Quality Assessment of Included Studies
The quality assessment of the studies was conducted using the Adjusted Downs and Black Quality Assessment Checklist (1998) by one researcher (EB). The original checklist consists of 27 items divided into four sections: Reporting, External Validity, Internal Validity, and Power. Each item could be answered in one of the following ways: yes, no, or unable to determine (UTD). The scoring system was as follows: yes = 1 point, no and UTD = 0 points. From the 27 items, 8 were irrelevant for included studies. After adjusting the scoring system for 19 relevant items, the final score was converted into a percentage. A similar approach was used in previous systematic reviews.25–27To calculate the percentage score, Kennelly’s method was used, which states:
Kennelly’s score= ((number of criteria met)/(total number of criteria))×100
Based on these percentages, the methodological quality of the individual studies was classified as follows:
- Less than 45.4% indicates poor methodological quality.
- A range of 45.4–61.0% indicates fair methodological quality.
- More than 61.0% indicates good methodological quality.28
This systematic review is based on author’s (EB) master’s thesis at Masaryk University.29
Results
During the database search, a total of 795 studies were identified (Web of Science: 381 articles, PubMed: 288 articles, and PsycInfo: 126 articles). After the screening process, 19 studies met the predefined PECO criteria and were included in the systematic review.

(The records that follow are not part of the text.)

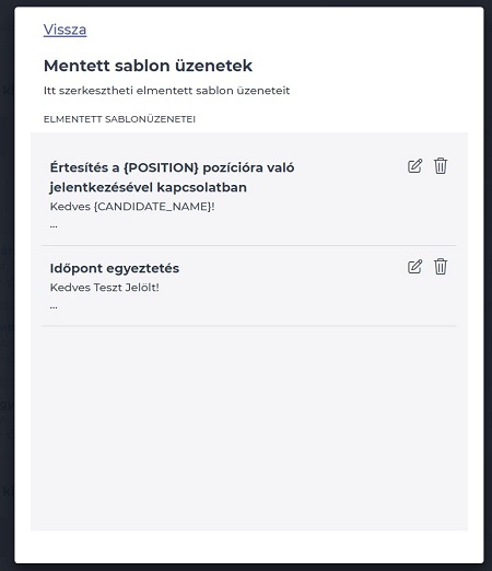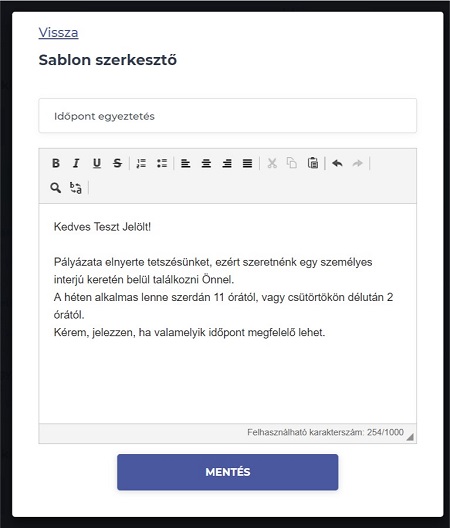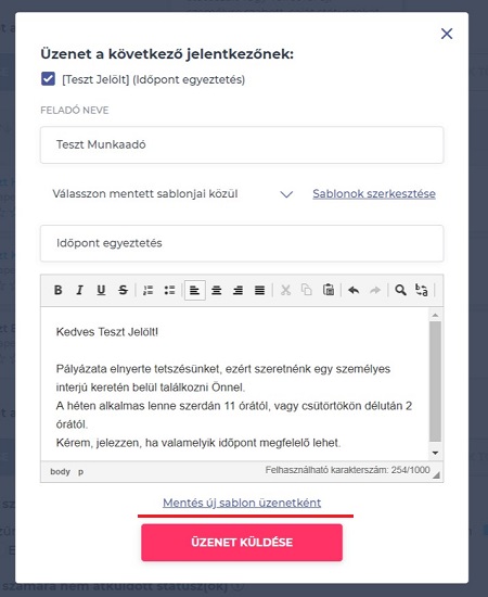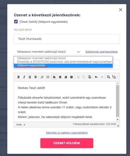 Mostantól, amikor üzenetet szeretne küldeni a jelölteknek, akkor az üzenetküldő ablakban lehetősége van elmenteni az üzenetét sablonként, illetve a már elmentett sablonok közül is választhat ahelyett, hogy újra be kellene gépelnie a levelét.
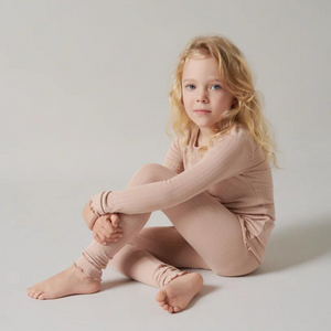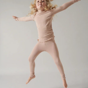 Bequeme Leggings mit süssem Rüschendetail am Beinabschluss. Die Leggings sind sehr weich, dehnbar und angenehm zu tragen.
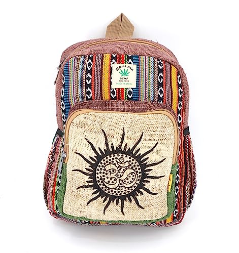 Unique design Sun and OM print Himalaya Hemp Hippie Backpack Festival Backpack Hiking Backpack FAIR TRADE Handmade with Love. (BROWN) 1
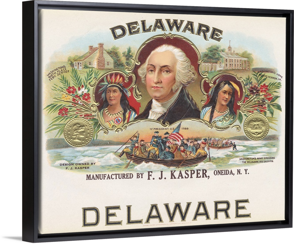 <p>Delaware. Manufactured by F.J. Kasper, Oneida, N.Y.? President Washington with an indian on his left and right side, to his top left is his Birth place to his bottom left is his home, and under him are soldiers in a boat with an American flag.</p>
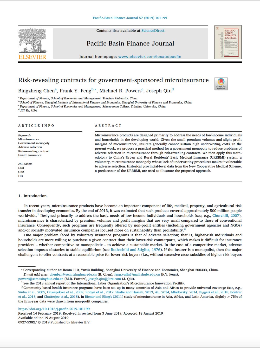 1. Chen, Bingzheng, Frank Y. Feng, Michael R. Powers, and Joseph Qiu. Risk-revealing contracts for government-sponsored microinsurance. Pacific-Basin Finance Journal, 2019, 57: 101-199.
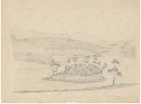 Catherine Augusta Mitchell’s pencil drawing of the Isle of the Dead where her two baby boys are buried. Image courtesy of the Allport Library and Museum of Fine Arts Collection.
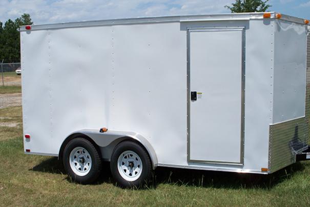 7x16 Enclosed Trailer-w/ V Nose Tandem 3500lb Axles. Includes ¾ Plywood Floors, 3/8 Plywood Walls, Side Entry Door, Roof Vent, 12 V Interior Dome Light, Rear Ramp Door, ATP Stone Guard, 2 5/16” Coupler, Electric Brakes &Breakaway on both axles, w/ LED Taillights. |
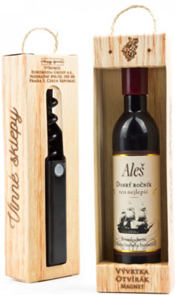 Vývrtka ve tvaru vinné lahve s originálním potiskem viněty je vhodným dárkem pro všechny milovníky vína. Užijte si svoji chvilku v dobré společnosti! Vývrtka s magnetem pro uchycení na lednici je balena v dárkové krabičce. Rozměr 12,5 x 3,5 x 2,5 cm.
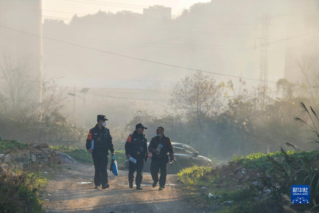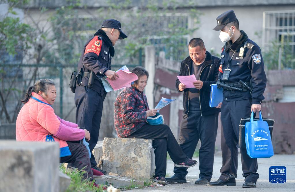 1月8日,鐵路警察王云(左二)和謝源(右一)向居住在鐵路沿線的村民發(fā)放鐵路法治宣傳資料。新華社記者 楊文斌 攝
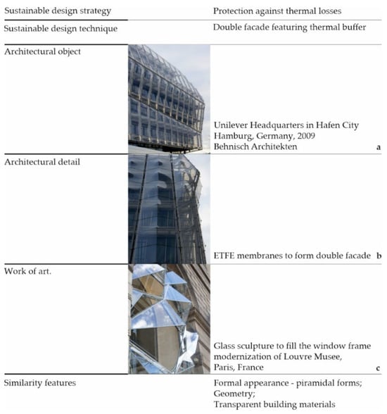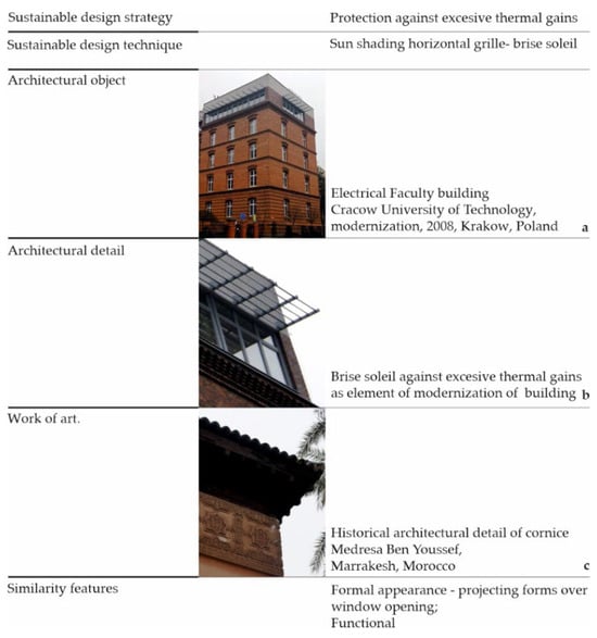 In this study, various architectural details or components—the semiotic aspects of which are analyzed in this way—are compared. Semiotics is a theory and methodology that can be applied to buildings [29], their details, and artworks, which can be viewed as signs. This perspective enables the perception of details and artworks as specifically relevant signs and facilitates the revelation of similarities between couples of both analyzed artifacts. Many examples in which architectural detailing is associated with symbolic meaning can be pointed out. Symbolism is often present in façade design through the use of metamorphic, referential, or analogical devices. Technical details can, in many ways, be associated with such an approach.

Analysis of Studies and Assessment of Their Methodological Quality
The methodological quality of included studies ranged from 52.9% to 84.6% indicating a fair30–32 to good methodological quality. The most common methodological limitation was a lack of representativeness of the source population. The methodological quality assessment of the included studies is shown in Supplementary material 1.
Study Characteristics
In Table 2, the sample characteristics of the included studies are presented. The studies are listed in alphabetical order according to the first author’s surname. Of the included studies, only one was conducted in Europe (Poland), ten in North America (USA, Canada), two in South America (Brazil), five in Asia (Japan, China, Indonesia, India) and one in Australia. The number of participants varied considerably, ranging from 22 in the smallest sample to15263participants in the largest. Participant age also varied widely as no upper age limit was defined. The lower age threshold was determined by the onset of menopause, which had to have lasted for at least 12 months for women to be identified as postmenopausal.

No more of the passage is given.